If it's difficult to mistake Alps and The Day He Arrives as anything but films by their respective directors, it's even more difficult to recognize The Exchange as having come from the same man who made The Band's Visit. In place of the earlier film's deadpan hope for cross-cultural solidarity, Eran Kolirin here offers a peculiarly tranquil portrait of private dislocation. A tiny change in his schedule and a different view of his apartment are all it takes for a meek Tel Aviv university professor (Rotem Keinan) to slide into an obsessive search for the alien in the familiar. Suddenly, he's exposing himself in elevators, screaming into empty apartments, and otherwise seeking to disrupt his usual routines in ways that increasingly alienate his wife (Sharon Tal). Depicting its central breakdown with an almost perverse visual and tonal blandness, Kolirin's film ultimately functions best as a concept than an emotional experience. Still, it lingers in the mind as a snapshot of an unsettled soul willfully receding from the universe: Had it not already been taken, the title The Man Who Wasn't There would have fit it perfectly.

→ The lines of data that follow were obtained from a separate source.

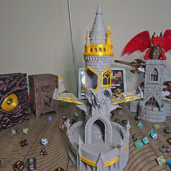 Meet Gargoyles Roost Mechanical Dice Tower, the 3D-printed dice tower that brings gothic flair to every roll. Simply place your dice on the bridge, give the tower a satisfying twist, and let gravity do the magic as they tumble out through the gateway below. Whether you're commanding armies in your favorite tabletop game or just love the theatrical drama of a good dice roll, this intricately crafted piece delivers both function and fantasy. A must-have for players who refuse to let their dice rolls be boring.
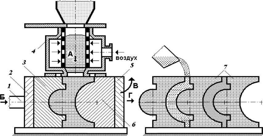 В рассмотренных процессах опоки являются обязательным элементом формовочной оснастки. Однако применение безопочной формовки (рисунок 3.12) позволяет значительно снизить затраты, ускорить охлаждение отливок и упростить их выбивку. В данном процессе пескострельная головка (4) заполняет смесью пространство между двумя модельными плитами (2, 5) с полумоделями (3, 6), осуществляя предварительное уплотнение (этап А).
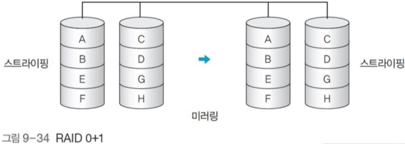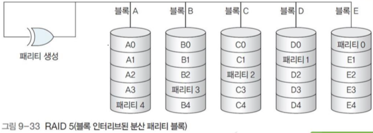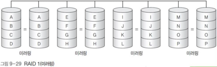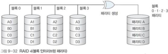 - 그림 9-29의 경우에는 쓰기 성능 또한 4배 증가하는게 맞다. 다만 맨 앞에 두 디스크만 있는 경우는 쓰기 성능은 1배이다.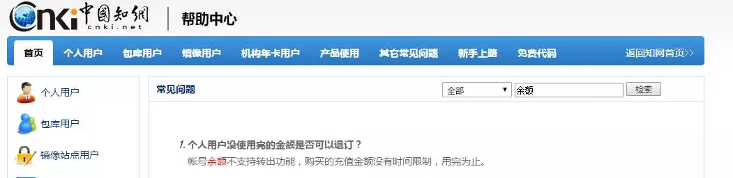 知网对于余额退订的解释
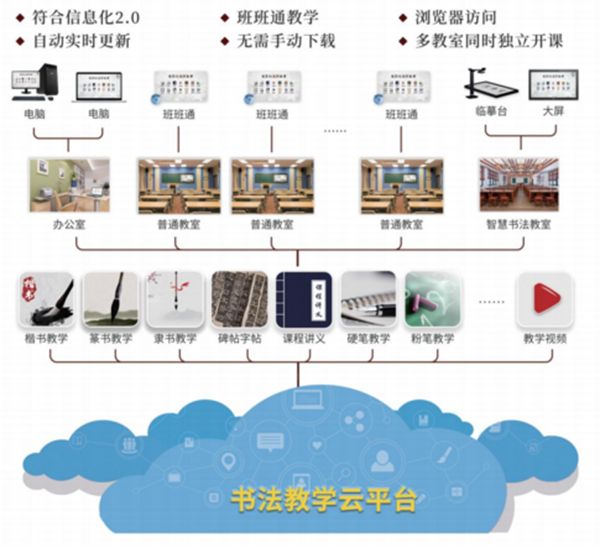 漢丹云智慧書法基于“互聯網+教育”理念研發,全面服務于學校書法教育。產品采用云服務架構,保證軟件產品內容實時的自動更新,讓學校能夠永久享受到互聯網+教育的便捷性。同時基于云平臺,賦能書法教學系統,提供網頁版書法教學云平臺,只需借助瀏覽器即可讓普通教室的班班通大屏也可以開展書法教學工作,不需額外安裝其他硬件設備和軟件系統,維護方便,使用簡單,解決了書法教室排課緊張,學生沒有書法練習場所的問題,實現了“智慧書法教室”學書法,“普通教室”練書法的新思路,最大化學校書法教室的建設價值。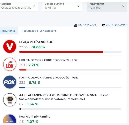 Sipas të dhënave të publikuara nga KQZ në orën 23:48, deri më tani janë numëruar 44.19% e kutive të votimit. Nga rezultatet e deritanishme, Lëvizja Vetëvendosje kryeson me 81.89% të votave, e ndjekur nga LDK me 7.21%, PDK me 5.75%, AAK-Nisma me 1.54% dhe Koalicioni për Familjen me 1.07%.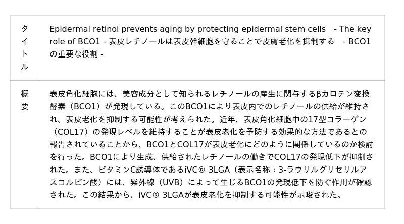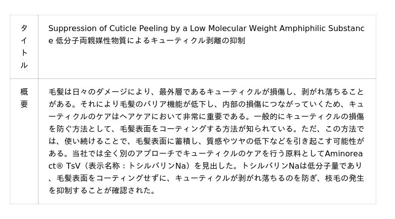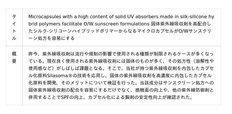 βカロテン変換酵素産生促進による表皮老化の抑制の可能性/毛髪表面のコーティングとは異なるアプローチによる枝毛の発生抑制/固形紫外線吸収剤を高濃度で内包したカプセル化原料のメリット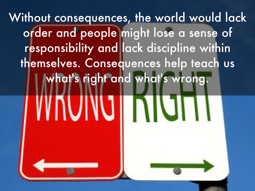 Without consequences, the world would lack order and people might lose a sense of responsibility and lack discipline within themselves. Consequences help teach us what's right and what's wrong.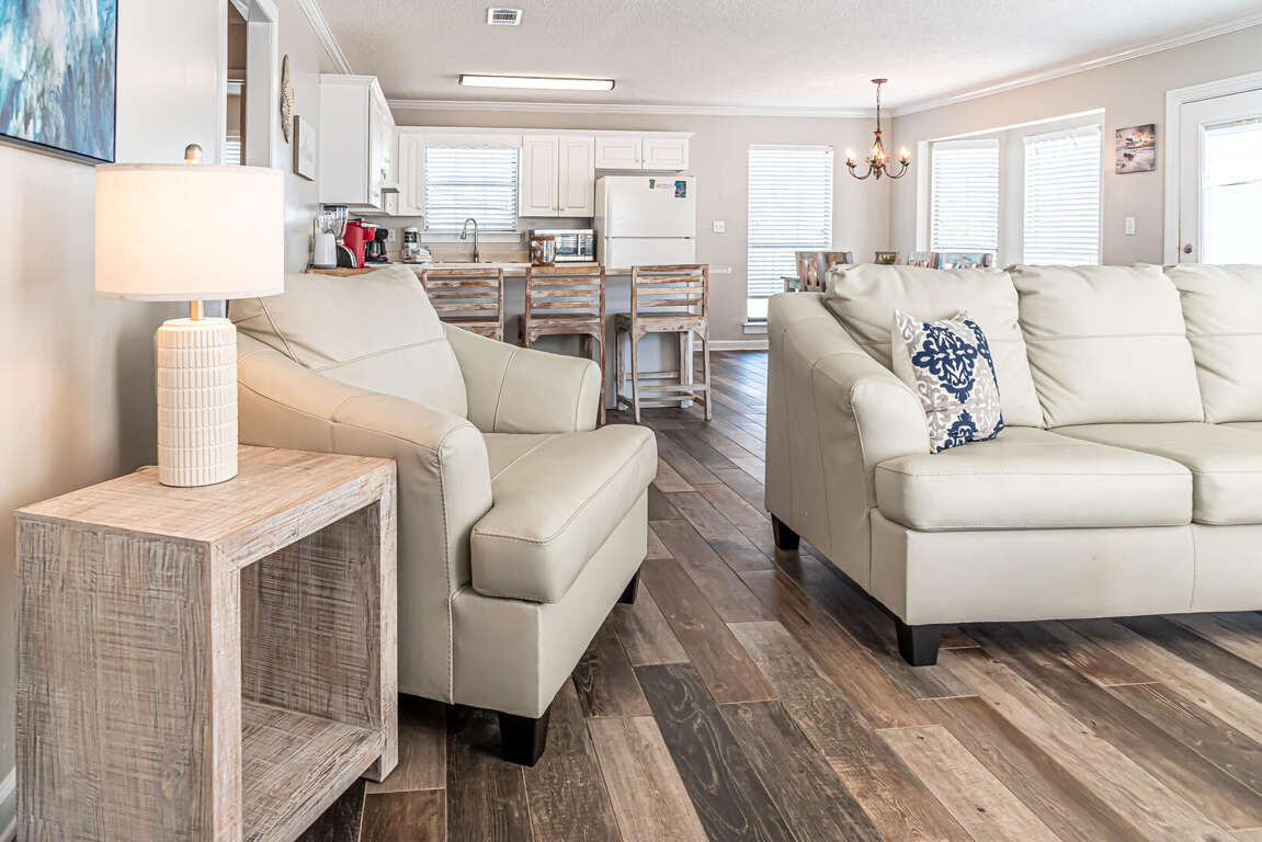 Year-to-date rebooking applies: if the current guest chooses to rebook, your reservation may be canceled with a full refund. Minimum age requirement: 25+ to book. Welcome to Hydrotherapy, a bright and comfortable 3-bedroom, 2-bath Gulf-view home that sleeps up to 10 guests. With spacious interiors, modern updates, and easy beach access just a short walk away, Hydrotherapy is the ideal retreat for families and groups looking to relax by the coast. Bedrooms by Level: Bedroom 1 (Master): King bed, TV, private bath, balcony access, located on level 1 Bedroom 2: Queen bed, TV, private bath, located on level 1 Bedroom 3: Full bed + Twin bed, TV, located on level 1 Living Room: Sofa Sleeper + Sleeper Chair for additional guests Home Highlights: Gulf-view home just steps from the beach Spacious open-concept living room with plenty of natural light Fully equipped kitchen with modern appliances and dining area Large deck with outdoor seating to enjoy salty breezes and sunsets Comfortably sleeps 10 with flexible bedding options Washer/dryer for guest convenience Why You’ll Love It: Hydrotherapy makes it easy to enjoy the best of beach living. Whether you’re relaxing on the deck, cooking meals together in the open kitchen, or heading out for a day of sun and sand, this home is designed for comfort and convenience. With cozy bedrooms and extra sleeping space, everyone has a spot to unwind. Gulf views, an easy walk to the water, and a peaceful location make Hydrotherapy a perfect coastal escape.
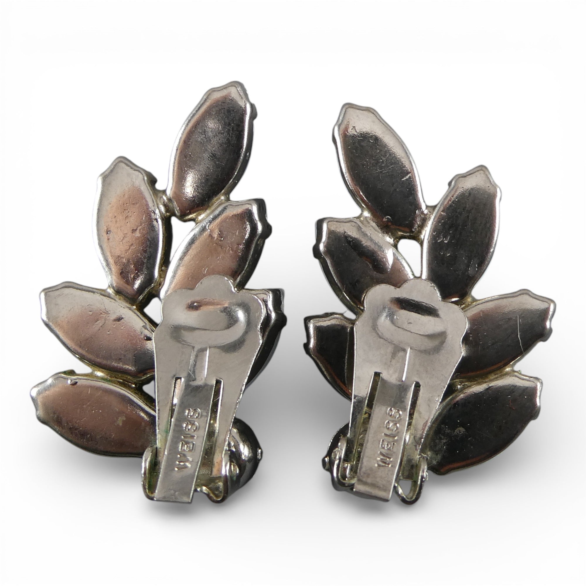 These Weiss clip-on earrings showcase powder blue milk glass paired with a sparkling round blue rhinestone. Weiss was renowned for meticulous craftsmanship and quality materials, making these pieces highly collectible.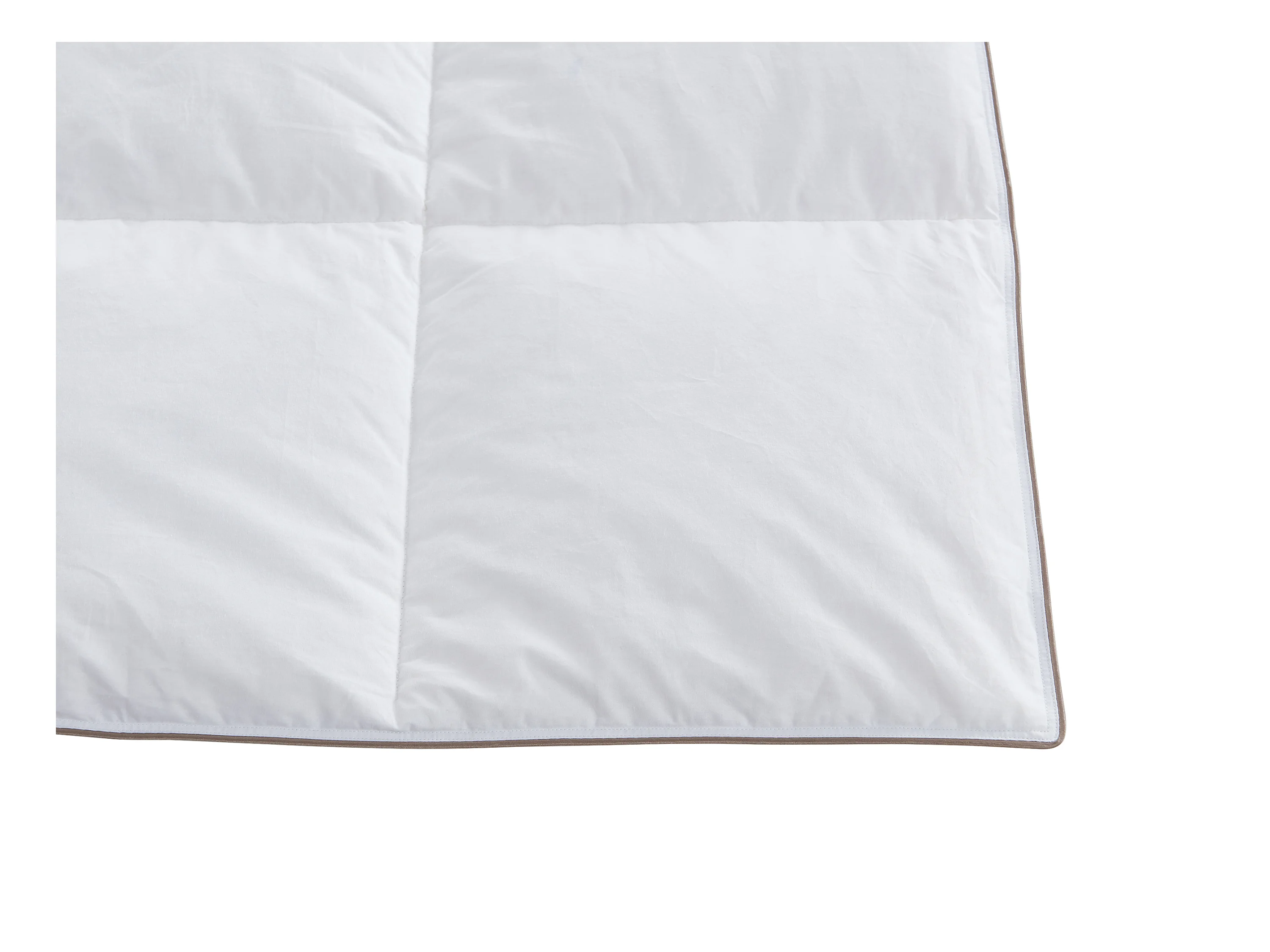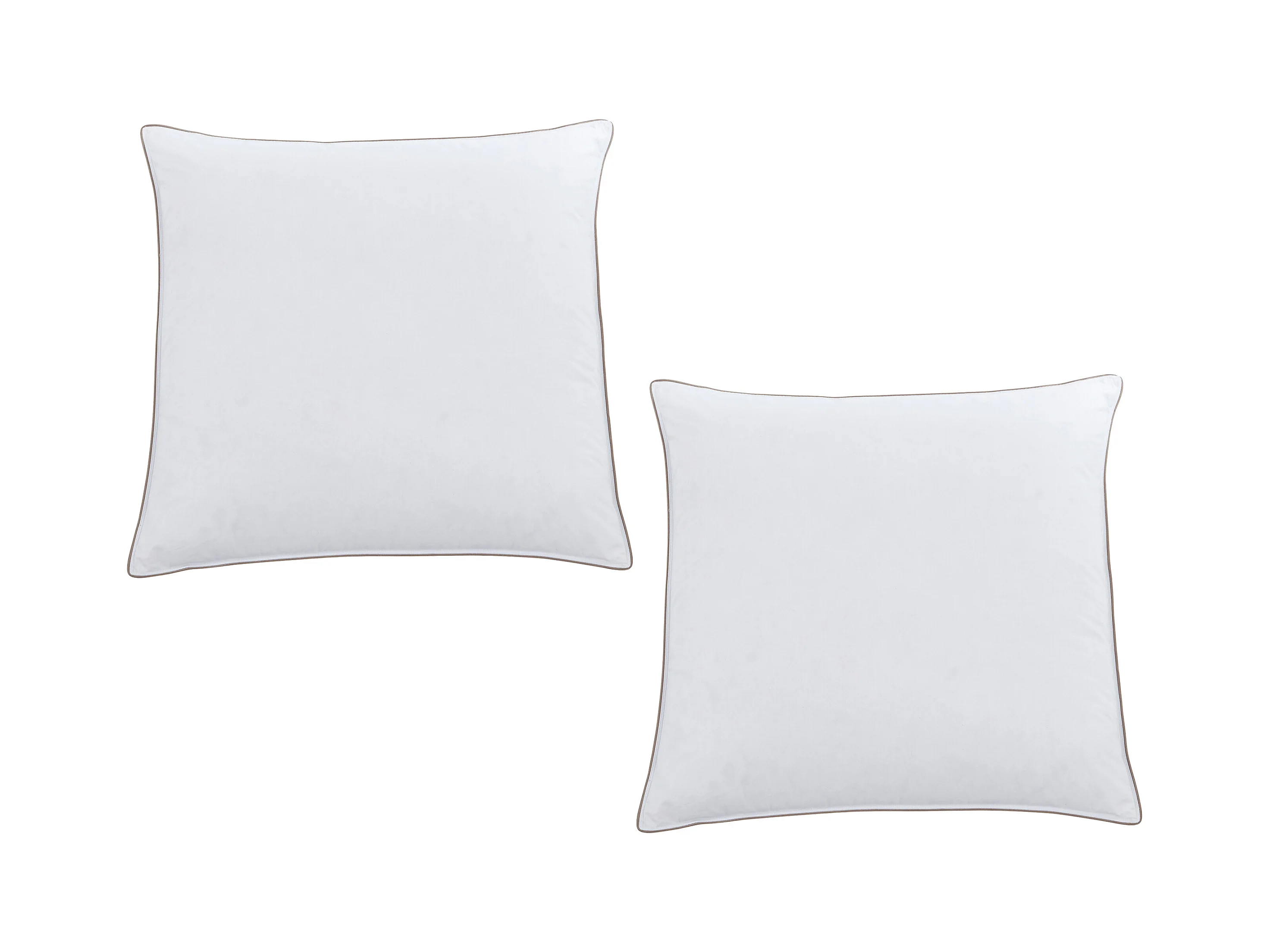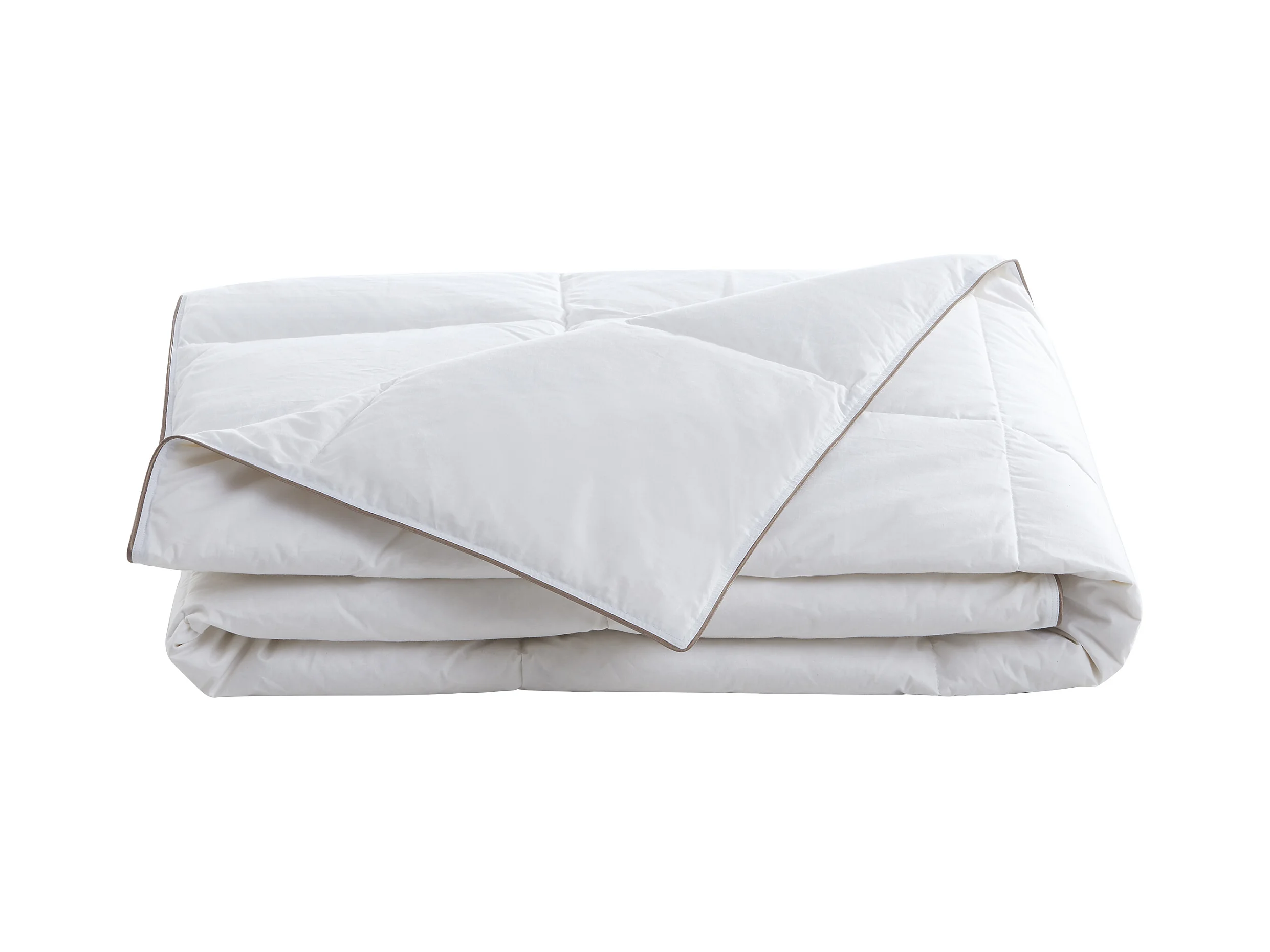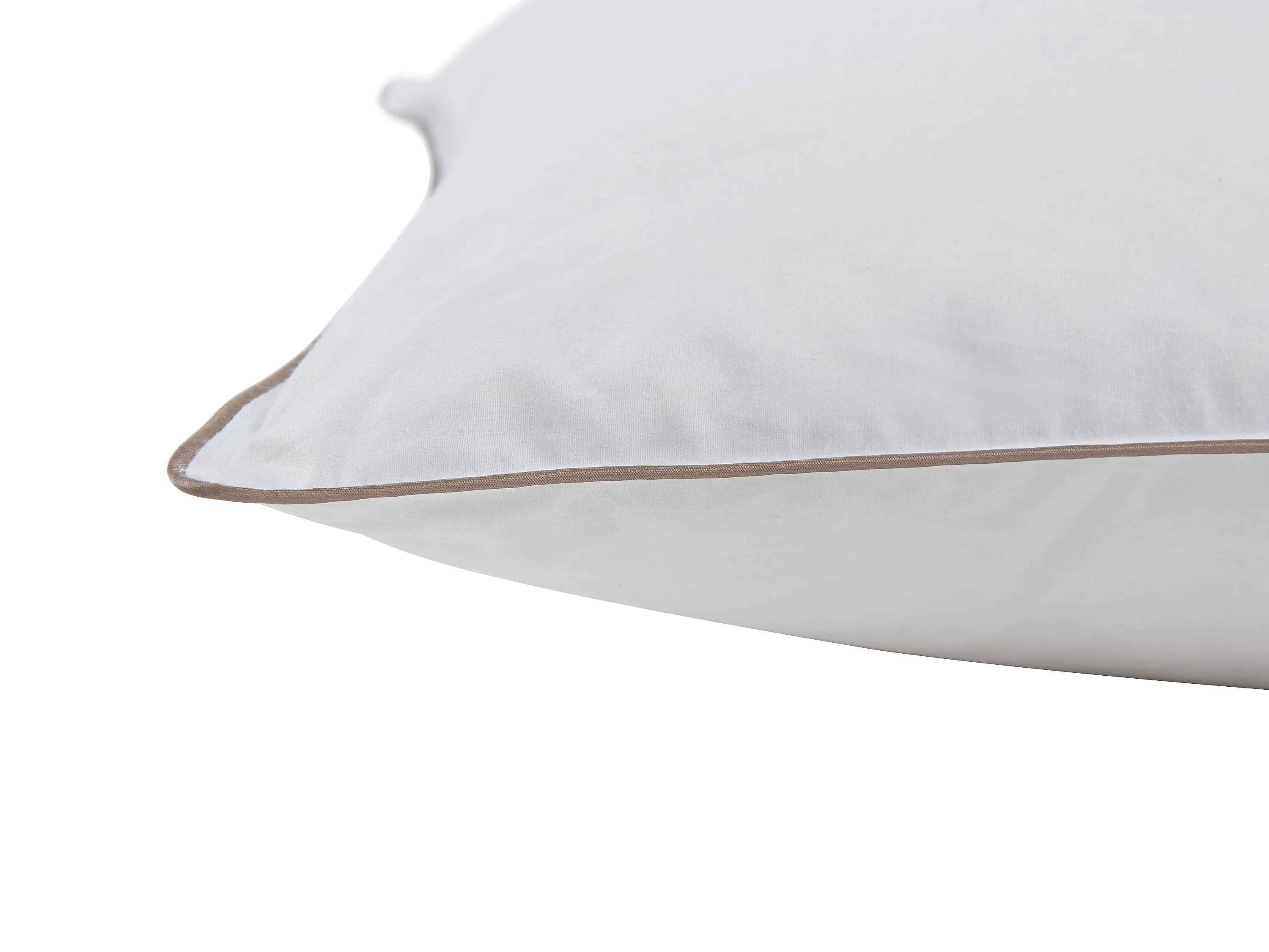 Pack couette 220 x 240 cm + 2 oreillers 65 x 65 cm anti-acariens enveloppe 100% percale et garnissage plumettes et duvet - Blanc passepoil taupe - FEATH de PALACIO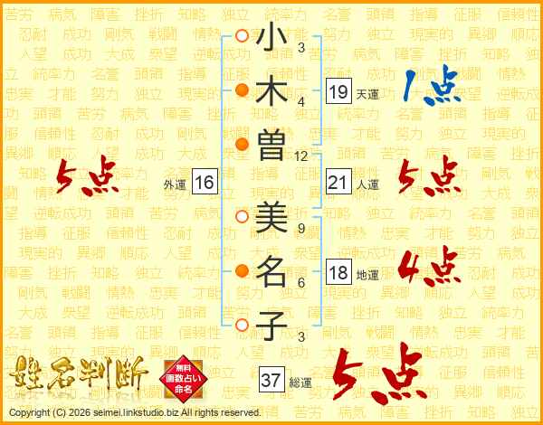 小(3画)木(4画)曽(12画) 美(9画)名(6画)子(3画)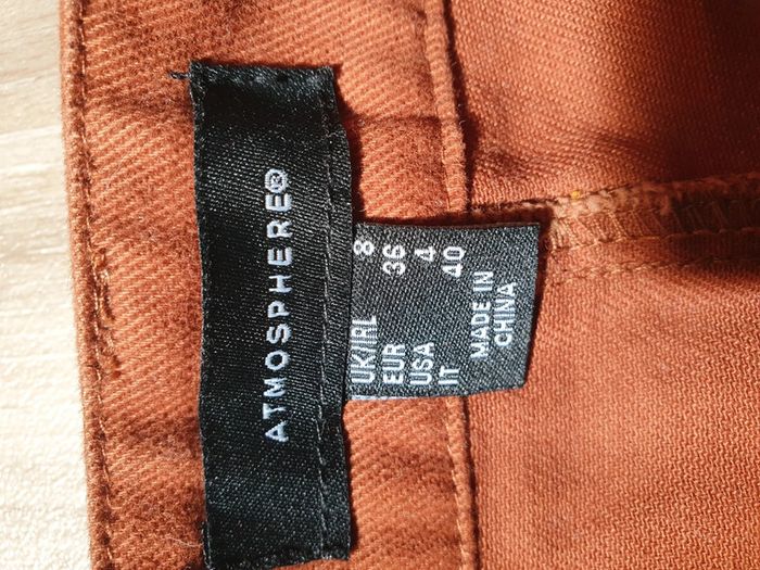 Jupe marron Atmosphère, taille 36. En très bon état, seul une petite "trace" sur la poche droite (voir dernière photo). #jupe #marron #été #courte #bouton #doré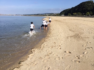 写真は砂浜遊びの様子です。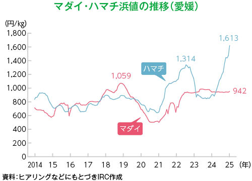 ハマチの浜値は、2024年下期から在池尾数の少なさを背景に上昇し始め、直近25年9月は1,600円/kg前後と最高値圏で推移している。猛暑による高水温のため、夏場の食欲減退からサイズは小型化している。冬の本格需要期を前に単価の上昇傾向は続く見通しだが、あらゆる食品、日用品が値上がりするなか、小売価格が上がり過ぎると店舗側に敬遠される懸念がある。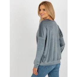 Špinavě modrá velurová mikina bez kapuce s výstřihem do V .

Next to the purposefully nondescript settings of The Exchange, the world of Terraferma is tangibly specific from its very first frame. Set in a small, secluded Sicilian island where volcanic rocks and decaying boats are vivid enough to qualify as supporting players, Emanuele Crialese's drama pits social strictures against the more instinctive "laws of the sea." Unfurling over the course of a humid summer season that finds a fishing community abruptly invaded by pleasure-seeking tourists, it starts off promisingly as a detail-rich coming-of-age story with a teenage local (Filippo Pucillo) at the center of a tug of war between a grandfather determined to keep the island's traditions alive and a mother with eyes set on the mainland. As soon as a pregnant Ethiopian refugee (Timnit T.) and her son are saved from drowning and hidden at the boy's home, however, the story becomes a paternalistic, nuance-free lecture on immigration (think of the Dardenne brothers' La Promesse with all the thorny moral quandaries neatly flattened and folded) that dulls its visuals and rhythms. Anyone who's seen Golden Door has the right to expect far more from Crialese.